Hi Richard,
> What I have not done, but is now a possibility, is to use a custom
> calling convention for the out-of-line routines. I now only clobber
> 2 (or 3, for TImode) temp regs and set a return value.
This would be a great feature to have since it reduces the overhead of
outlining considerably.
> I think this patch series would be great to have for GCC 10!
Agreed. I've got a couple of general comments:
* The option name -matomic-ool sounds too abbreviated. I think eg.
-moutline-atomics is more descriptive and user friendlier.

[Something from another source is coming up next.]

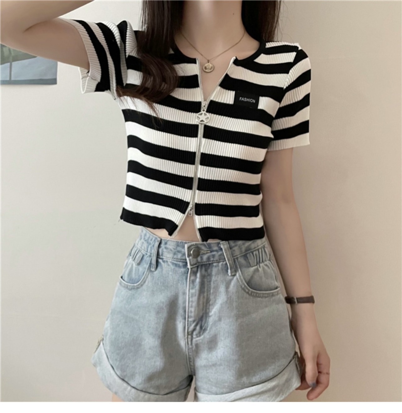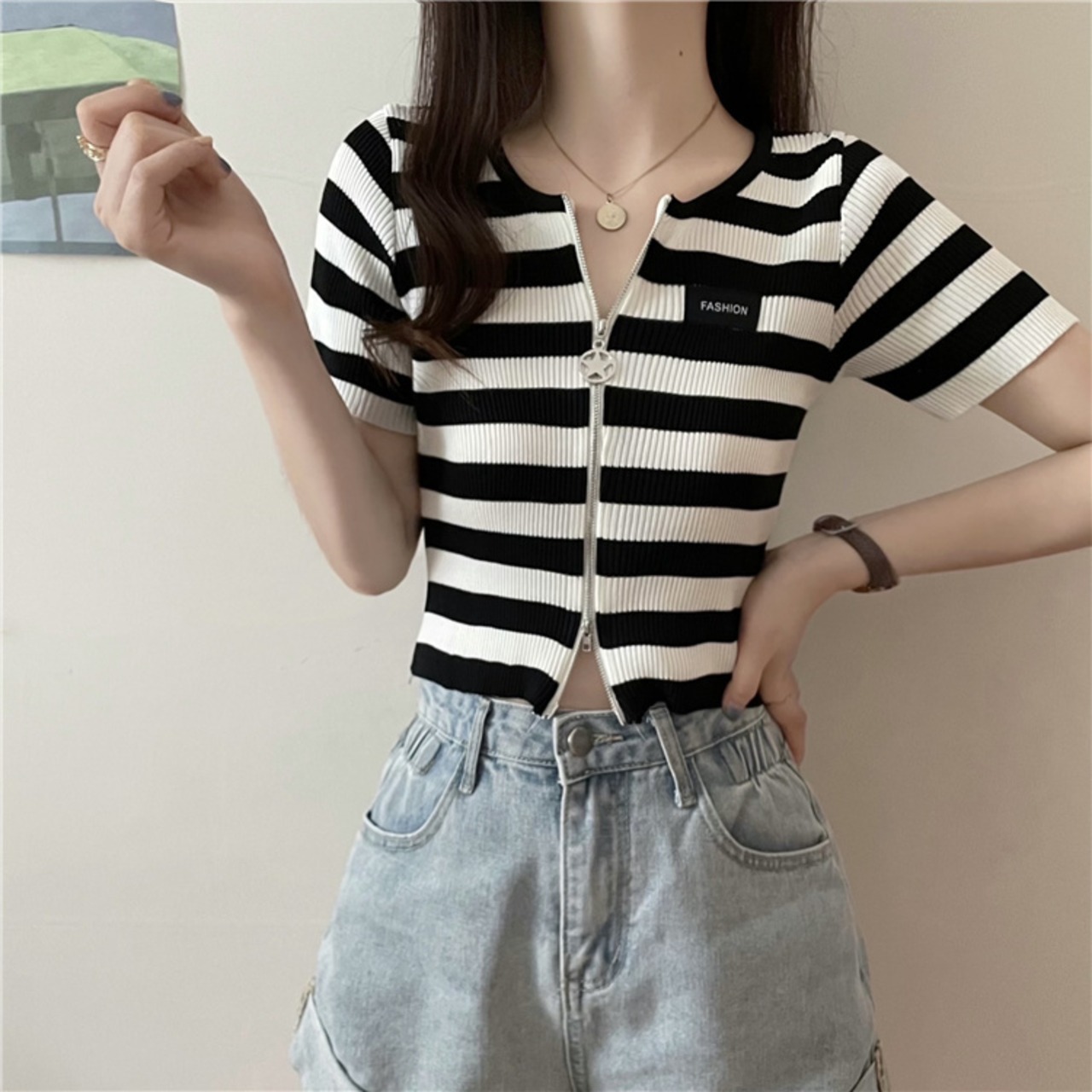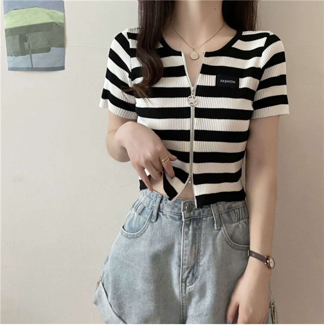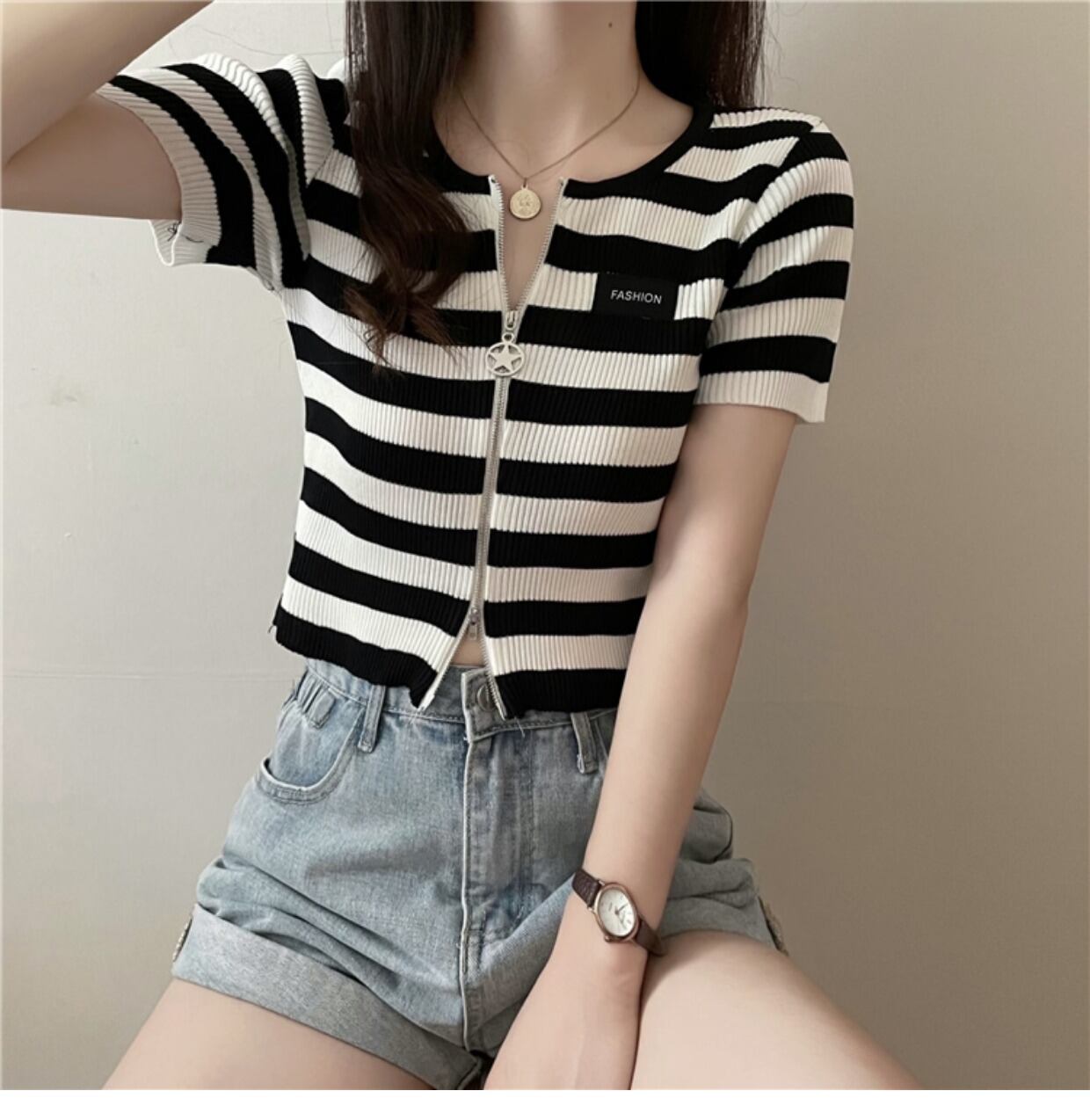 ダブルジップストライプフロントショルダーTシャツレディーススリム半袖ショートアイスシルクニットカーディガンサマーショートトップインタイド ハーフスリーブ 夏物 7460036066342922 | framboise21

* Similarly the exported __aa64_have_atomics variable could be named
__aarch64_have_lse_atomics so it's clear that it is about LSE atomics.
+@item -matomic-ool
+@itemx -mno-atomic-ool
+Enable or disable calls to out-of-line helpers to implement atomic operations.
+These helpers will, at runtime, determine if ARMv8.1-Atomics instructions
+should be used; if not, they will use the load/store-exclusive instructions
+that are present in the base ARMv8.0 ISA.
+
+This option is only applicable when compiling for the base ARMv8.0
+instruction set. If using a later revision, e.g. @option{-march=armv8.1-a}
+or @option{-march=armv8-a+lse}, the ARMv8.1-Atomics instructions will be
+used directly.
So what is the behaviour when you explicitly select a specific CPU?
+/* Branch to LABEL if LSE is enabled.
+ The branch should be easily predicted, in that it will, after constructors,
+ always branch the same way. The expectation is that systems that implement
+ ARMv8.1-Atomics are "beefier" than those that omit the extension.
+ By arranging for the fall-through path to use load-store-exclusive insns,
+ we aid the branch predictor of the smallest cpus. */
I'd say that by the time GCC10 is released and used in distros, systems without
LSE atomics would be practically non-existent. So we should favour LSE atomics
by default.
Cheers,
Wilco